Here is an example to perform a HEIDI-outlier analysis.
bzx = gsmr_data$std_bzx # SNP effects on risk factor
bzx_se = gsmr_data$std_bzx_se # standard errors of bzx
bzx_pval = gsmr_data$bzx_pval # p-values for bzx
bzy = gsmr_data$bzy # SNP effects on disease
bzy_se = gsmr_data$bzy_se # standard errors of bzy
gwas_thresh = 5e-8 # GWAS threshold to select SNPs as the instruments for the GSMR analysis
heidi_thresh = 0.01 # HEIDI-outlier threshold
filtered_index = heidi_outlier(bzx, bzx_se, bzx_pval, bzy, bzy_se, ldrho, snp_coeff_id, gwas_thresh, heidi_thresh) # perform HEIDI-outlier analysis
filtered_gsmr_data = gsmr_data[filtered_index,] # select data passed HEIDI-outlier filtering
filtered_snp_id = snp_coeff_id[filtered_index] # select SNPs that passed HEIDI-outlier filtering
dim(gsmr_data)
## [1] 151 14
dim(filtered_gsmr_data)
## [1] 138 14
There are 13 instruments filtered out by HEIDI-outlier and 138 instruments are retained for further analysis.
This is the main analysis of this R-package which utilises multiple genetic instruments to test for causal effect of risk factor on disease.
bzx = filtered_gsmr_data$std_bzx # SNP effects on risk factor
bzx_se = filtered_gsmr_data$std_bzx_se # standard errors of bzx
bzx_pval = filtered_gsmr_data$bzx_pval # p-values for bzx
bzy = filtered_gsmr_data$bzy # SNP effects on disease
bzy_se = filtered_gsmr_data$bzy_se # standard errors of bzy
filtered_ldrho = ldrho[filtered_gsmr_data$SNP,filtered_gsmr_data$SNP] # LD correlation matrix of SNPs
gsmr_results = gsmr(bzx, bzx_se, bzx_pval, bzy, bzy_se, filtered_ldrho, filtered_snp_id) # GSMR analysis
cat("Effect of exposure on outcome: ",gsmr_results$bxy)
## Effect of exposure on outcome: 0.4080517
cat("Standard error of bxy: ",gsmr_results$bxy_se)

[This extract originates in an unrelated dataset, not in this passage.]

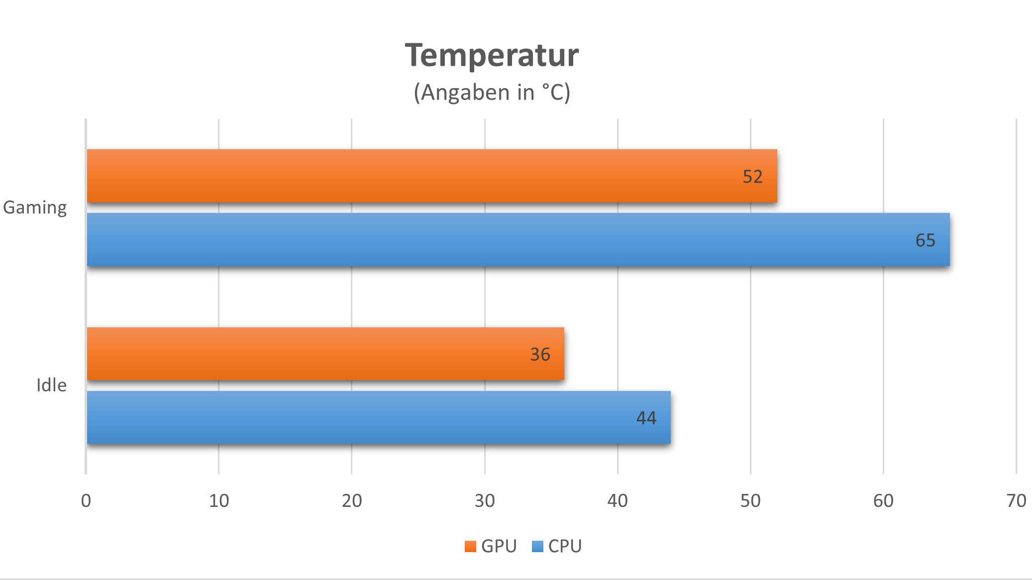 Wir nutzen in unserem Testsystem eine All-In-One Wasserkühlung, bei dieser wurden die Pumpe auf ca. 1600 U/min und die dazugehörigen Lüfter auf ca. 800 U/min eingestellt. Gleiches gilt für die vier Lüfter des MSI MPG GUNGNIR 300R AIRFLOW. Alle Drehzahlen sind fest eingestellt. Trotz der geringen Drehzahlen ist zu erkennen, dass im Idle sowie beim Gaming sich die Temperaturen immer im grünen Bereich bewegen. Zudem ist zu erwähnen, dass die Maximaldrehzahl der Gehäuselüfter bei gerade einmal 1100 U/min liegt.

## Standard error of bxy: 0.02249235
cat("P-value of bxy: ", gsmr_results$bxy_pval)
## P-value of bxy: 1.490807e-73
cat("Used index to GSMR analysis: ", gsmr_results$used_index[1:5], "...")
## Used index to GSMR analysis: 1 2 3 4 5 ...
effect_col = colors()[75]
vals = c(bzx-bzx_se, bzx+bzx_se)
xmin = min(vals); xmax = max(vals)
vals = c(bzy-bzy_se, bzy+bzy_se)
ymin = min(vals); ymax = max(vals)
par(mar=c(5,5,4,2))
plot(bzx, bzy, pch=20, cex=0.8, bty="n", cex.axis=1.1, cex.lab=1.2,
col=effect_col, xlim=c(xmin, xmax), ylim=c(ymin, ymax),
xlab=expression(LDL~cholesterol~(italic(b[zx]))),
ylab=expression(Coronary~artery~disease~(italic(b[zy]))))
abline(0, gsmr_results$bxy, lwd=1.5, lty=2, col="dim grey")
nsnps = length(bzx)
for( i in 1:nsnps ) {
# x axis
xstart = bzx[i] - bzx_se[i]; xend = bzx[i] + bzx_se[i]
ystart = bzy[i]; yend = bzy[i]
segments(xstart, ystart, xend, yend, lwd=1.5, col=effect_col)
# y axis
xstart = bzx[i]; xend = bzx[i]
ystart = bzy[i] - bzy_se[i]; yend = bzy[i] + bzy_se[i]
segments(xstart, ystart, xend, yend, lwd=1.5, col=effect_col)
}
Note: The dashed line is not a fitted regression line but a line with slope of bxy and intercept of 0.